PandoraHearts(パンドラハーツ)の名言・名セリフ/名シーン・名場面まとめ

『PandoraHearts(パンドラハーツ)』は、『月刊Gファンタジー』にて連載された望月淳による漫画作品である。『不思議の国のアリス』などの童話をモチーフにしつつも、残酷な描写が随所にみられるダークファンタジーとなっている。成人の儀で闇の監獄へ落とされた後に10年後の世界に生還を果たした少年、オズ・ベザリウスを主人公に、自らの存在の意味を問う彼がその真実を見つけ、世界の危機を救うまでを描く。物語全体にわたる伏線が読む人を魅了し、単行本累計発行部数500万部を超えた人気作である。

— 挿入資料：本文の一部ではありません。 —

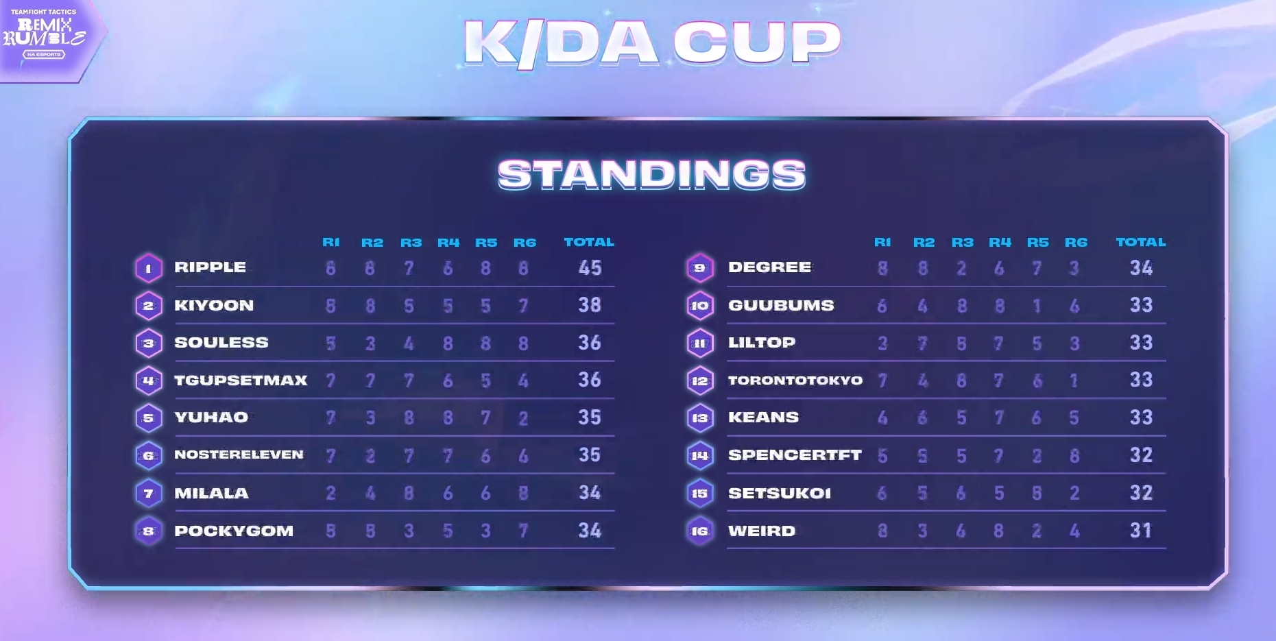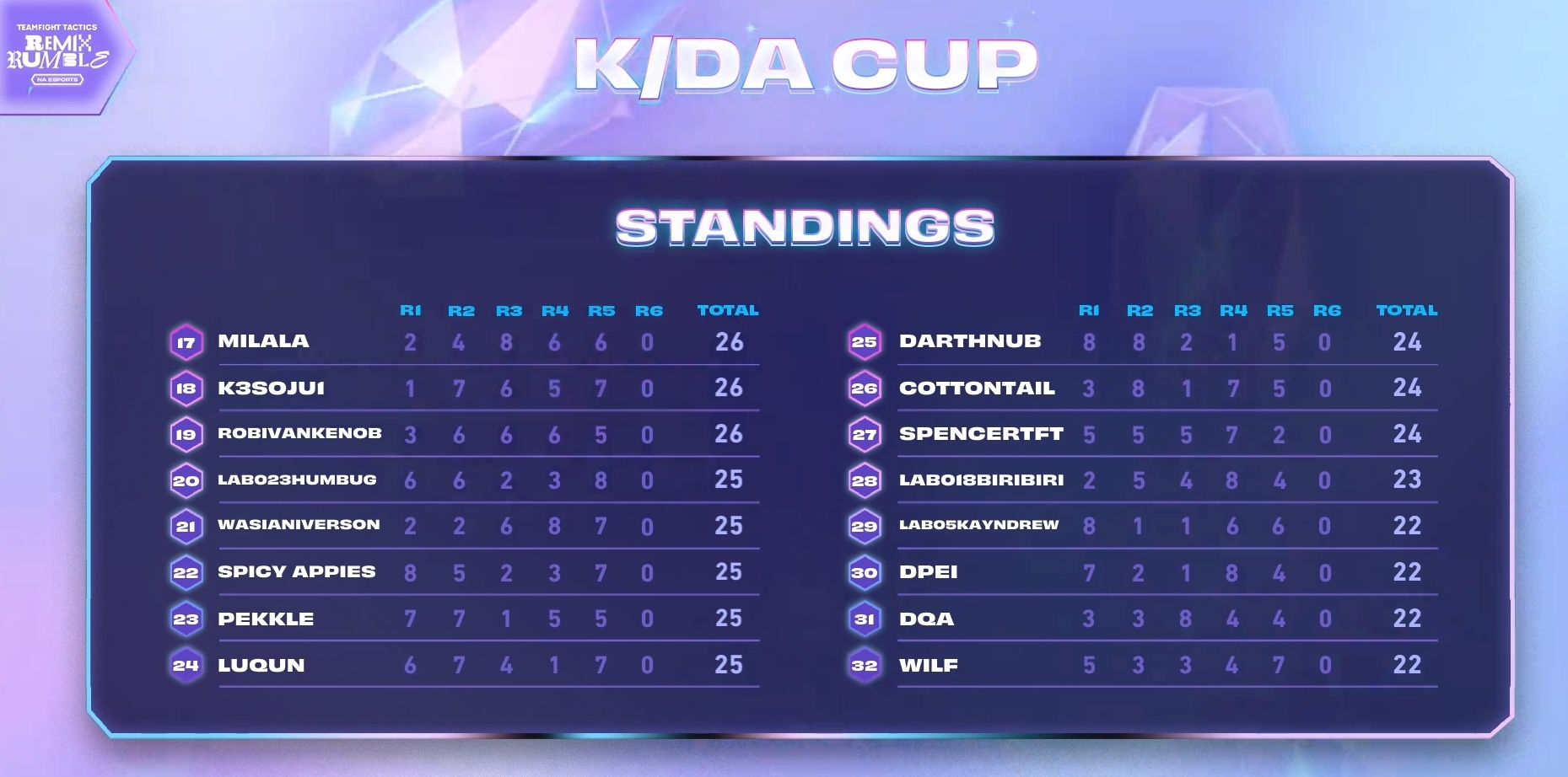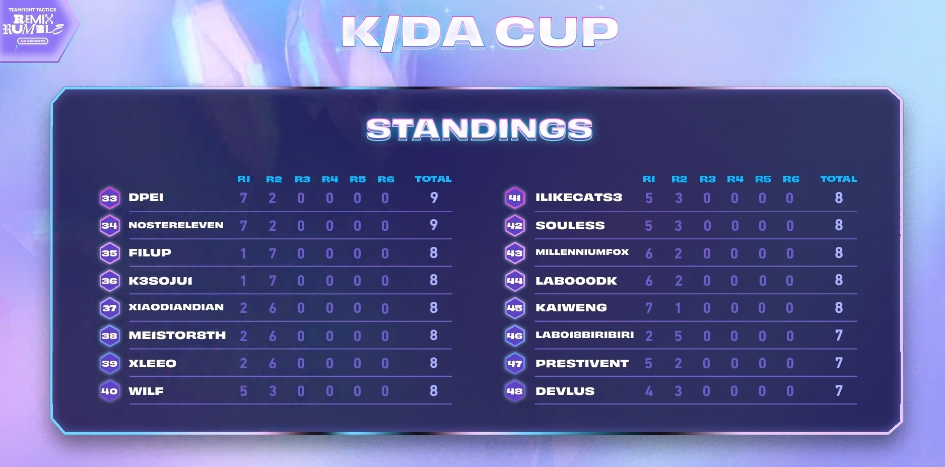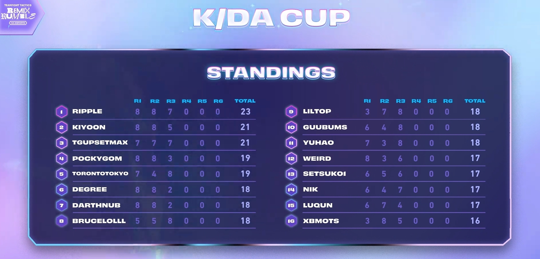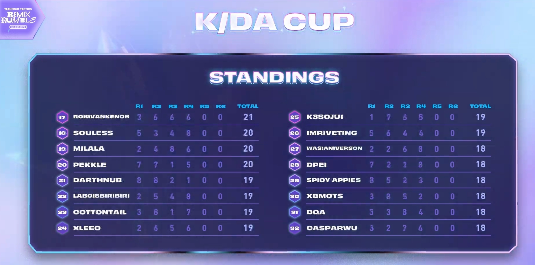 The final two days of the NA K/DA Cup were played on Patch 14.1. All 32 players who advanced from the first weekend joined the 32 TFT players with a bye on day three, playing a total of six rounds. Only 32 of the total 64 advanced onto the final day of the Remix Rumble K/DA Cup.

これ以上自分が知らぬ間に誰かを傷つけることを恐れた白いアリスは、黒うさぎのオズの力を使って自分の記憶を壊すことを決める。しかし、オズにこれ以上の破壊行動をさせたくなかったアリスは、オズの力を吸収して自身が新たな黒うさぎのチェインとなり、その手で白いアリスの記憶を壊そうとした。その意図を汲んだ白いアリスは、自ら攻撃を受け入れようと、涙を流しながらアリスに向かって手を伸ばす。そしてアリスもまた泣きながら、白いアリスに向かって手にした鎌を振り下ろした。しかしそのとき、アリスの攻撃は強い光とともに阻まれた。白いアリスの躰を器にその中に存在していたアヴィスの意志は、「傷つけないで…アリスを…」と言い、彼女が自分自身を傷つけることを許さなかったのである。記憶を壊すだけなのだと告げてもかたくなに首を振るアヴィスの意志に業を煮やしたアリスは、「駄々をこねるな!!このわからず屋があぁぁぁぁぁぁっ!!!」と叫びながら渾身の一撃を繰り出した。その結果、白いアリスの記憶の破壊は実現したものの、彼女の本来の望みであった記憶の消滅は叶わず、記憶がバラバラに引き裂かれるという中途半端な状態にとどまってしまった。不完全に残された白いアリスのジャックへの想いはさらなる混乱を生み、白いアリスと魂のつながりをもっていたアリスまでもが、「黒うさぎのアリス」としての間違った自覚だけを残して記憶を失うこととなってしまったのだった。

「アリスは…わたさない。ずっとずっと一緒にいる」

異形へと姿を変えたアヴィスの意志

アリスによって白いアリスを壊すことを告げられたアヴィスの意志の言葉である。100年前の過去に渡ったアリスは、その時代に存在していたアリスの元へとたどり着く。ジャックによって世界を保つ鎖が壊されたことによって世界が崩壊へと向かう混乱の中、過去のアリスは頭を抱えて部屋にいた。存在する時間軸が異なる今のアリスは、過去のアリスの眼には視えない。しかし、アリスの中に存在し、時間軸に縛られることがないアヴィスの核の眼には、その姿が視えていた。アリスの呼びかけに反応して顔を挙げたアヴィスの核は、アヴィスの意志から白いアリスを開放するという彼らの目的を知る。「この子と一緒にいられなくなるのか」と問うたアヴィスの核に、アリスは、心と躰が崩壊寸前になっている白いアリスはもう核の力を受け止めていられないこと、アリス自身が開放されるのを望んでいることを告げた。しかし、白いアリスのことを「ちゃんと壊れないように大事にしている」と言うアヴィスの核はその事実を頑なに否定する。「ヒトリにもどるのはいやだ」と言って本来の力を行使し始めたアヴィスの核は、「アリスは…わたさない。ずっとずっと一緒にいる」と言ってアリスに襲いかかったのである。その恐ろしく様変わりした姿に、白いアリスの中に封じられたアヴィスの核の不気味さが露わになった場面である。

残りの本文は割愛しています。